Mt. Ranier
The next morning we broke camp and headed West to Mt. Ranier NP. There are many, many great pictures of this place, so instead of putting up our merely good ones, I decided to try and show something of the scale of it. I think this is a shot of Mt. Ranier when we first were able to identify it in the distance--
Then we drove awhile until cresting a 'hill' and getting this view--
We drove some more, and saw it again...
On the way, we noticed what we now recognized as an "avalanche chute"...
A few minutes/miles later, we looked down and to our left to see the chute again:
It seems odd now, how the scale of objects in our lives kept changing back then. At this point in the trip we had been living in and around our vehicle for almost two weeks. Our living room was the truck cab. The rest of our home was mounted in the truck bed. We ate, slept, toileted, conversed, sang, prayed, farted, complained... all inside a (moving) eleven foot radius. Meanwhile, distant views rolled past like a movie. The daily scenery, majestic as it was, became background for our new 'normal' inside the truck. Living right at each others' elbows became comfortably *normal*. The space we shared with non-family members became enlarged, while our personal family space became compressed. We were mainly interacting with ourselves. Then, time for us was different somehow than it was for the rest of the world, and different than it is for us now. It was mystical.
As the mountain was growing closer and larger...
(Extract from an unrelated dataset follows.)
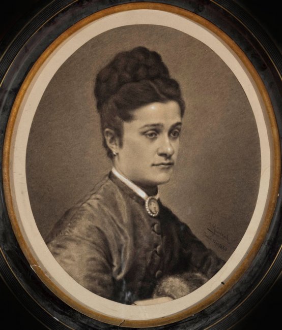 Il presente ritratto femminile potrebbe raffigurare Maria Covacevich (1844-1875), come sembra suggerire il confronto con il busto della stessa eseguito da Francesco Pezzicar e visibile nell'atrio dell'Istituto. Il disegno in oggetto rientra pienamente nella fase accademica veneziana del pittore e mostra chiaramente il livello qualitativo raggiunto a soli diciotto anni. Senza incertezze, con un gusto veristico già spontaneo, l'effigiata viene raffigurata di tre quarti e, nonostante la composizione si appoggi, con tutta probabilità, a un ritratto fotografico – l'effigiata morì giovanissima nel 1875 – Grünhut dimostra già una straordinaria padronanza del mestiere.
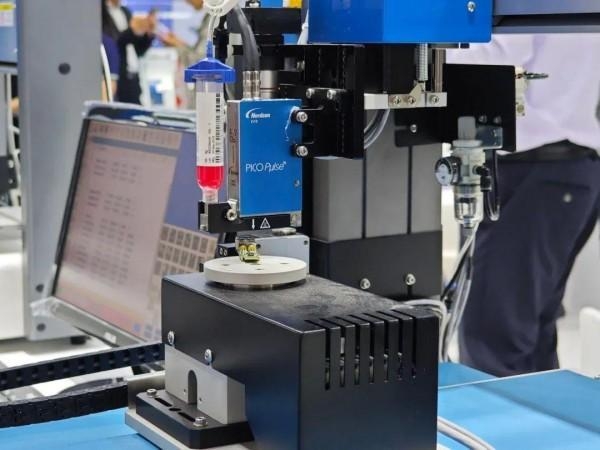 同样专注于精密流体控制的武藏展示了其从点胶设备到喷嘴耗材均自主研发的技术实力。其高精度点胶机专为半导体、显示器、手机等高科技产品中的微量点胶而设计。值得关注的是其新推出的 MPP-5-GF柱塞阀,该阀门设计巧妙,能够有效应对新能源汽车、ADAS等领域常用的高粘度、高填充导热材料,应对了传统设备易损坏、难清洁的难点,有助于实现微量、精密、高速的填充。此外,武藏还展示了具备 工业4.0可追溯性 功能的新型点胶机 SuperΣCM4,通过以太网实现网络化管理,助力客户生产管理。

...we were growing closer and smaller.
In the final photo we took of Mt. Ranier:
... you can easily see a waterfall in the center of the picture. It is discernible in the previous picture as well, except it is not obviously a waterfall. We knew it was a waterfall because we watched the moving water with our binoculars. So the pictures for us have extra meaning that was inserted after they were taken.
We also knew there must have been people on the mountain. As we drove past the lodge and back down the park road, people were streaming at us from both directions. They were leaving their cars with backpacks, hiking boots, gaiters, and anticipation, and also leaving the slope with similar equipment but different expressions.
We searched and searched but never saw any actual hikers on the mountain. We felt certain they must have been there, only that they were obscured by the immensity of Mt. Ranier.
We were also losing sight of our normal life back home. Our problems, jobs, responsibilities, schedules, friends, escaped our notice. We knew they were all waiting for us, just obscured by the immensity of the trip.
You can calculate that any one day of the loop was less than four percent of the aggregate experience. No single thing we saw during the loop seemed to stand out as "best". It was all just part of our journey together.
When I think what meant most to me, I have to say, "Edna's smile." That was the most important thing. I realized that I really liked being really close to Edna and Robert.